Coping with the variability in humans reward during simulated human-robot interactions through the coordination of multiple learning strategies
This work addresses the problem of enabling robots to adapt to inconsistent human rewards in human-robot interaction, though it is incremental as it applies an existing algorithm to new scenarios.
The paper tackled the challenge of robots learning from variable human feedback by combining model-based and model-free reinforcement learning strategies in simulated human-robot interaction tasks, showing that the coordination algorithm achieved maximal performance with minimal computational cost and robustly handled feedback variability.
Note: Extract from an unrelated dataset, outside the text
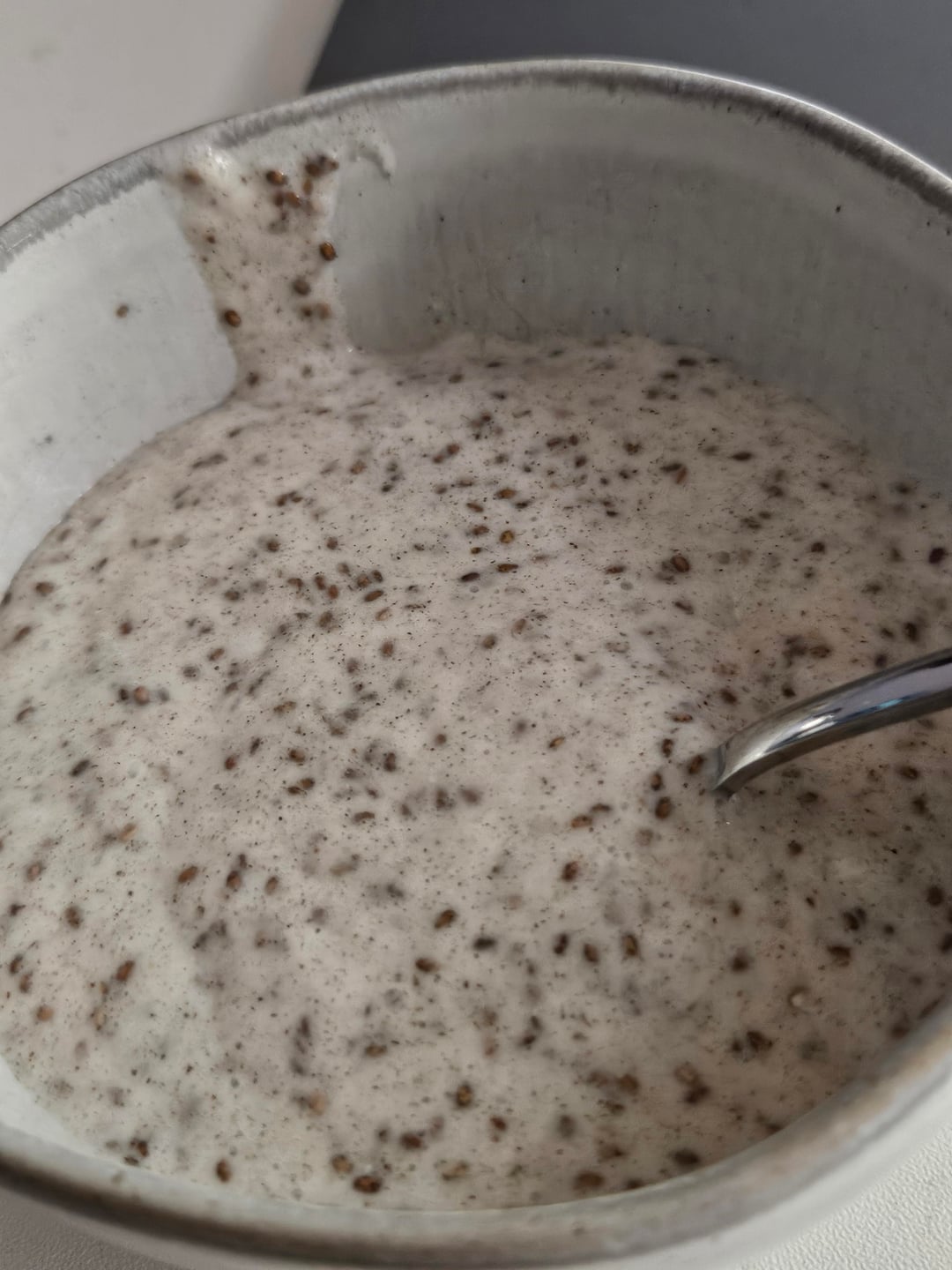 Breakfast: coffee and trying some chia pudding. I took a tip from this sub and tried soak/blend/fridge, and honestly hated it. Blending didn't pulverize the seeds like i hoped it would, and instead separated the seed from the gooey coating it gets while soaking and blended the goo with the coconut milk, making a sort of slime that was a textural nightmare. I need to eat this bag of chia seeds, and so far the pudding is the only thing I can stomach. Im good to suffer through it because of the "bathroom benefits" – I take medicine that causes difficulty here, and chia absolutely obliterated the problem for the rest of the week. Any chia pudding tips are greatly appreciated.

An important current challenge in Human-Robot Interaction (HRI) is to enable robots to learn on-the-fly from human feedback. However, humans show a great variability in the way they reward robots. We propose to address this issue by enabling the robot to combine different learning strategies, namely model-based (MB) and model-free (MF) reinforcement learning. We simulate two HRI scenarios: a simple task where the human congratulates the robot for putting the right cubes in the right boxes, and a more complicated version of this task where cubes have to be placed in a specific order. We show that our existing MB-MF coordination algorithm previously tested in robot navigation works well here without retuning parameters. It leads to the maximal performance while producing the same minimal computational cost as MF alone. Moreover, the algorithm gives a robust performance no matter the variability of the simulated human feedback, while each strategy alone is impacted by this variability. Overall, the results suggest a promising way to promote robot learning flexibility when facing variable human feedback.